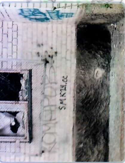
4.11.2023 г. один удар БПЛА по зданию жилого дома по адресу: ул. Набережная, д. 24
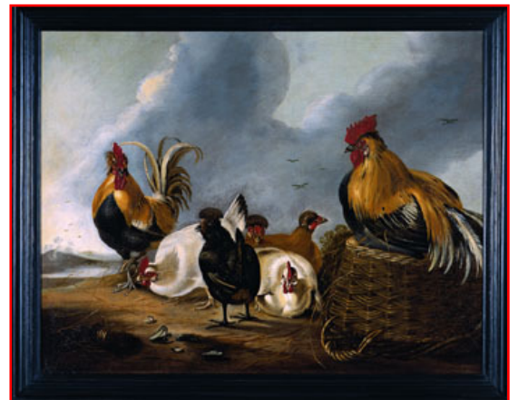
Coqs et poules, Cuyper Aelbrecht, Soissons, musée municipal.
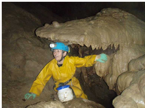
Illustration 9: Attention au crocodile
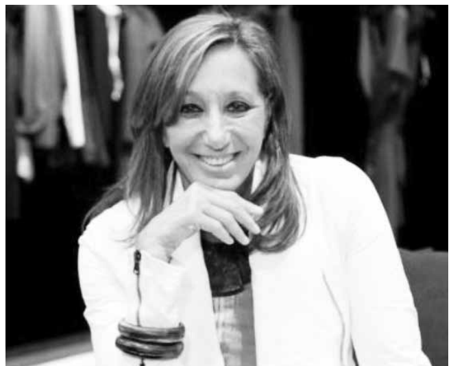
شکل ۵- دنا کاران

دنا کاران، سر طراح شرکت بین‌المللی که نامش را در بر دارد می‌گوید: "هر کاری که انجام می‌دهم درباره قلب، بدن و روح است. طراحی برای من، بیان خودم به عنوان یک زن با همه پیچیدگی، احساسات و عواطف می‌باشد." (شکل ۵) در واقع کاران غرایز زنانه خود را به موفقیت شرکتی نسبت داد که در سال ۱۹۸۴ با آخرین همسرش «استفان ویس» بر پا کرد، که قرار بود به یک موسسه تجارت عمومی در سال ۱۹۹۶ تبدیل شود و سپس ۵ سال بعد توسط صاحب فعلی‌اش، توده تجملاتی فرانسه Louis Vuitton، Moët Hennessy، LVMH، کشف شد. کاران می‌گوید: «این که من یک زن هستم باعث می‌شود که دیگران را
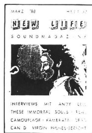
3/88 - The Virgin Prunes, Propaganda. Interviews: Andy Bell, These Immortal Souls, Real Camouflage, Dead Can Dance, Mute Drivers, Kamelaria
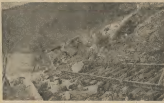
TEMBLOR BANDA DI DONAU - Habrimiento di terra causa pa temblor, a ocasiona danyonan grandi banda di e rio Donau den cercania di Pasa. Trafico ta paralisa aki banda. Accidente personal no tabatin ferocamente.

Bo yunan seguramente lo saborea un juice di peer - apricot y peach scogi di frutanan superior di e mundialmente famoso marca DEL MONTE! Scoge lo mehor... scoge calidad... scoge DEL MONTE! Spaar y cambia bo etiketanan na "CENTRO DE CAMBIO"
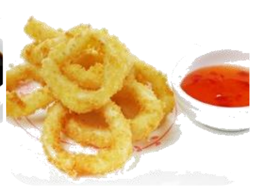
F7. IKA FURAI 8€ calamari fritti 10pz
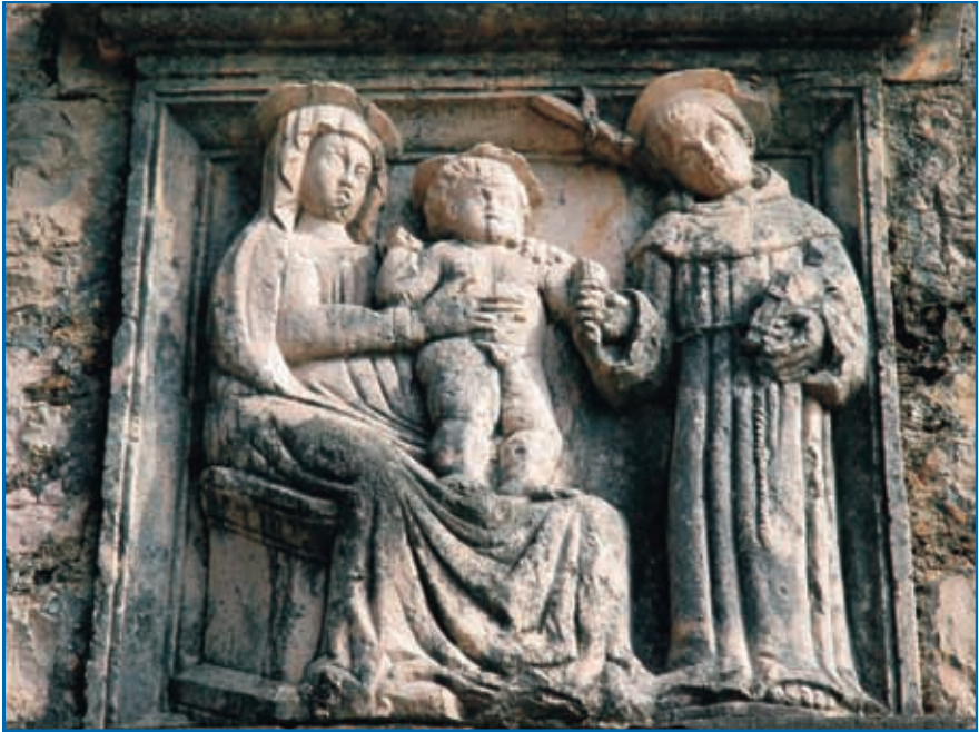
Orsan franjevačkog samostana Velike Gospe - Podgorje

■ WHAT YOU WILL DO
Repeat each line of the records exactly, dropping the pictures.

■ OUTPUT FOR THIS EXERCISE
4.11.2023 г. один удар БПЛА по зданию жилого дома по адресу: ул. Набережная, д. 24
Coqs et poules, Cuyper Aelbrecht, Soissons, musée municipal.
Illustration 9: Attention au crocodile
شکل ۵- دنا کاران

دنا کاران، سر طراح شرکت بین‌المللی که نامش را در بر دارد می‌گوید: "هر کاری که انجام می‌دهم درباره قلب، بدن و روح است. طراحی برای من، بیان خودم به عنوان یک زن با همه پیچیدگی، احساسات و عواطف می‌باشد." (شکل ۵) در واقع کاران غرایز زنانه خود را به موفقیت شرکتی نسبت داد که در سال ۱۹۸۴ با آخرین همسرش «استفان ویس» بر پا کرد، که قرار بود به یک موسسه تجارت عمومی در سال ۱۹۹۶ تبدیل شود و سپس ۵ سال بعد توسط صاحب فعلی‌اش، توده تجملاتی فرانسه Louis Vuitton، Moët Hennessy، LVMH، کشف شد. کاران می‌گوید: «این که من یک زن هستم باعث می‌شود که دیگران را
3/88 - The Virgin Prunes, Propaganda. Interviews: Andy Bell, These Immortal Souls, Real Camouflage, Dead Can Dance, Mute Drivers, Kamelaria
TEMBLOR BANDA DI DONAU - Habrimiento di terra causa pa temblor, a ocasiona danyonan grandi banda di e rio Donau den cercania di Pasa. Trafico ta paralisa aki banda. Accidente personal no tabatin ferocamente.

Bo yunan seguramente lo saborea un juice di peer - apricot y peach scogi di frutanan superior di e mundialmente famoso marca DEL MONTE! Scoge lo mehor... scoge calidad... scoge DEL MONTE! Spaar y cambia bo etiketanan na "CENTRO DE CAMBIO"
F7. IKA FURAI 8€ calamari fritti 10pz
Orsan franjevačkog samostana Velike Gospe - Podgorje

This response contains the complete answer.